The AI Evolution: Approaching Data and Integration

“I’ve seen things you people wouldn’t believe.”
– Roy Batty, Blade Runner

Working in consulting gives you a kind of X-ray vision. You walk into a room with a new client and they start listing all the reasons they’re unique—how no one understands their business, how their systems are one-of-a-kind, how the complexity of what they do defies replication. And sure, some of that is true. Every organization has things that make it unique and its oddities. But once you get past the surface, you usually find something that feels familiar: a recognizable business structure layered with years of adaptations, workarounds, and mismatched systems that were never quite built to talk to each other.

When it comes to AI, this same story plays out over and over again. We start talking about the opportunities—where it could go, what it might unlock—and then we hit the same wall: the data. Or more accurately, the data they think they have.

Here are some common refrains I’ve heard across industries:

• “Those two systems don’t talk to each other.”

• “That data is stored in PDFs we print and file away.”

• “We purge that information every few months because of compliance.”

• “It’s in SharePoint. Somewhere. Maybe.”

• “Our marketing and sales platforms use different ID systems, so we can’t link anything.”

None of these answers are surprising. What’s surprising is how often people are still shocked when their AI project struggles to get off the ground.

In our survey, 44% of business leaders said that their companies are planning to implement data modernization efforts in 2024 to take better advantage of Gen AI.

PWC 2024 AI Business Predictions

This chapter is about getting real about your data. Before you can build intelligent systems, you have to integrate them. And before you can integrate them, you have to understand what data you have, where it lives, what shape it’s in, and whether it’s even useful in the first place.

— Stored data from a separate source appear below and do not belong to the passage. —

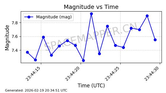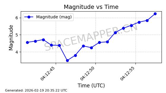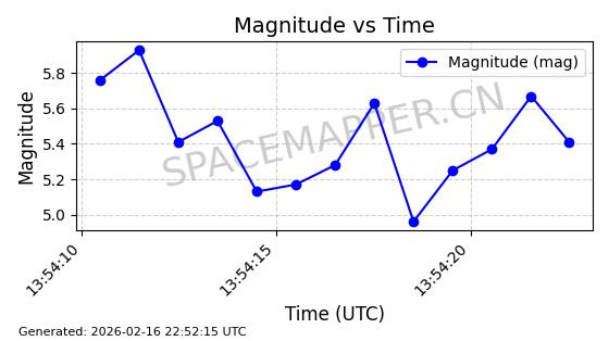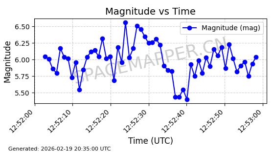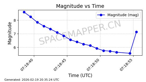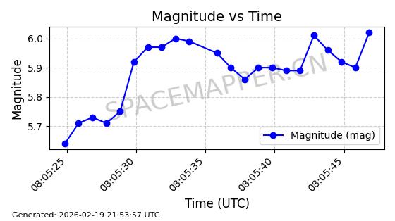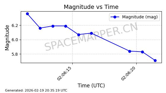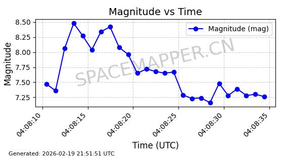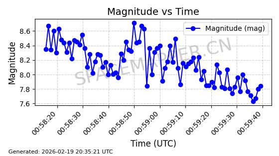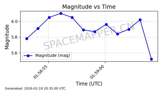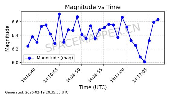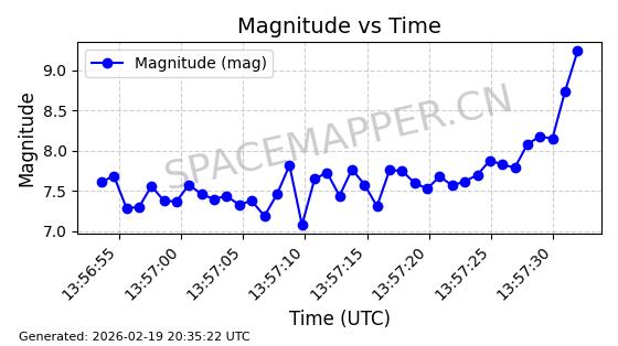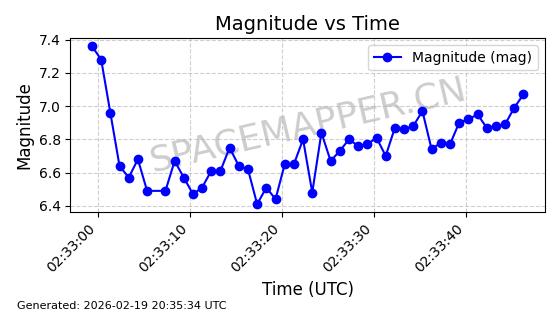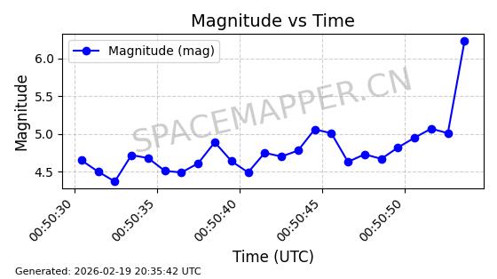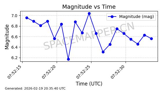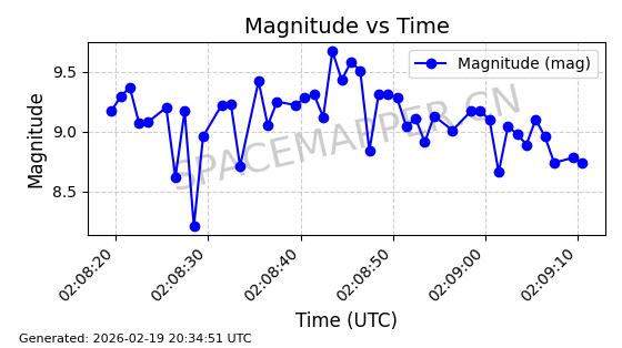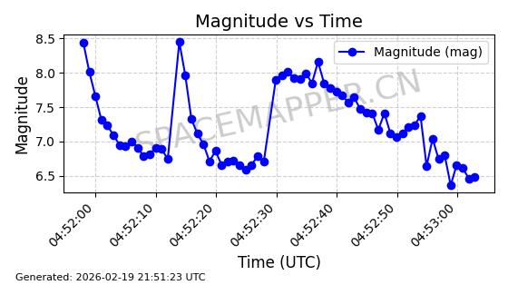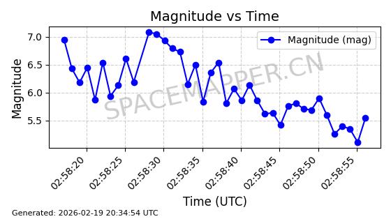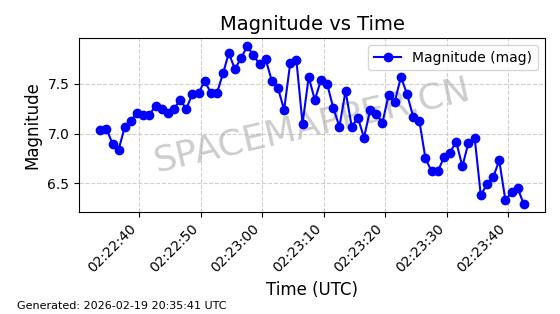| STARLINK-3851 | 52344 | 52344 | 2022-04-29 同日期轨道 2022-045P 同批次轨道 | 在轨 | 95分钟 | 53.2167 | 538.341 | 541.155 | 0.0002033 | 2026-02-19 00:50:24 | ||
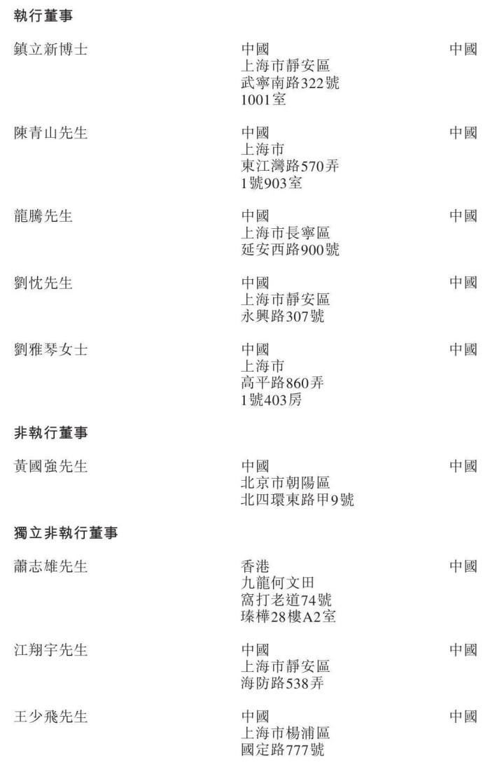 合合信息执行董事分别为镇立新博士、陈青山、龙腾、刘忱、刘雅琴女士,非执行董事为黄国强,独立非执行董事分别为萧志雄、江翔宇、王少飞。
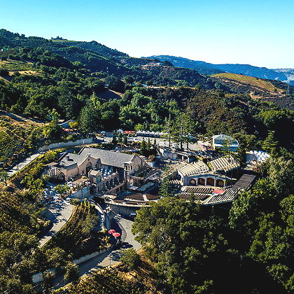 | This estate boasts a quaint stone winery building, a lush open-air theater, and picturesque gardens, making it a popular destination for both wine tastings and live music events. Mountain Winery is renowned for its summer concert series, which features performances by major artists in a cozy outdoor setting with stunning views of the Santa Cruz Mountains. Visitors can enjoy wine tastings, take guided tours of the vineyards and winery, and experience fine dining at the on-site restaurants. | |

Most companies assume their data is more usable than it actually is, which creates the Illusion of Readiness.

They picture their systems like neat rows of filing cabinets, all labeled and accessible. The reality is more like a junk drawer: some useful stuff, some random receipts, and a bunch of keys no one remembers the purpose of.

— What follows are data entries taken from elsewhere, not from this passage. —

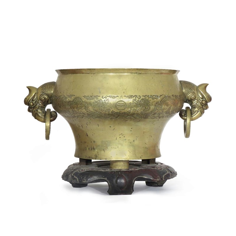 A massive Chinese bronze incense burner 19th century, the circular body with heavily-cast mask head and loose-ringed handles and engraved with a wide band of scaly dragons and phoenix contesting flaming pearls of wisdom, raised on three feet, together with a carved hardwood stand, 65cm. (2)
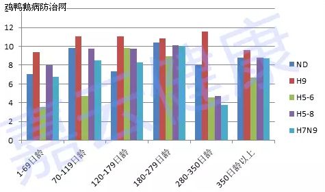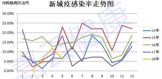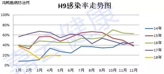 通过以上图可看出,与2017年同期相比,禽流感H9发病率呈下降趋势,新城疫呈平稳状态,疑似原因可能由于新城疫免疫多采用饮水方式,随着季节变暖,肠道性疾病增多,免疫效果大打折扣造成,所以建议养殖场免疫前注重肠道健康及饮用水清洁度。
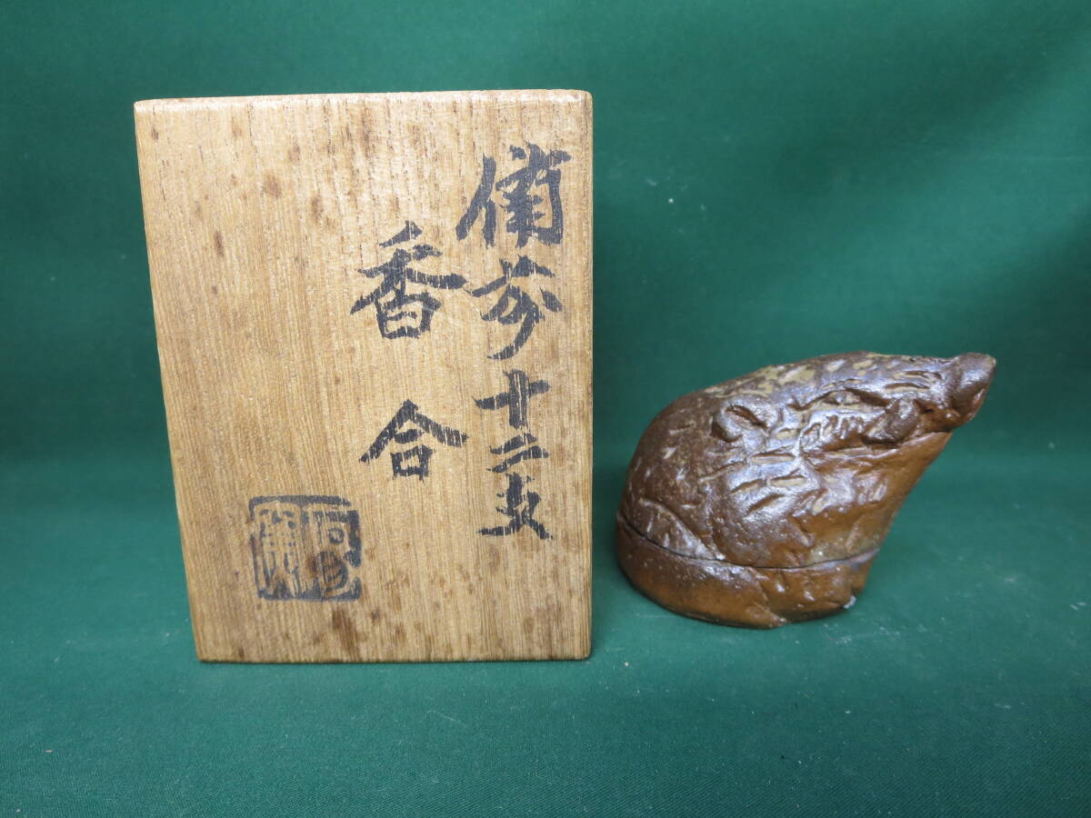 - 送料無料 備前焼 香合 猪 干支 送料無料

And here’s the kicker: AI doesn’t just use data. It relies on it. Feeds off it. Becomes it. If you give it bad data, it doesn’t know any better. It won’t tell you it’s confused. It will confidently give you the wrong answer—and that can have consequences.

Before we get into the mechanics of how AI consumes data, we need to talk about what kind of AI we’re actually working with.

The term you’ll hear a lot is foundation model.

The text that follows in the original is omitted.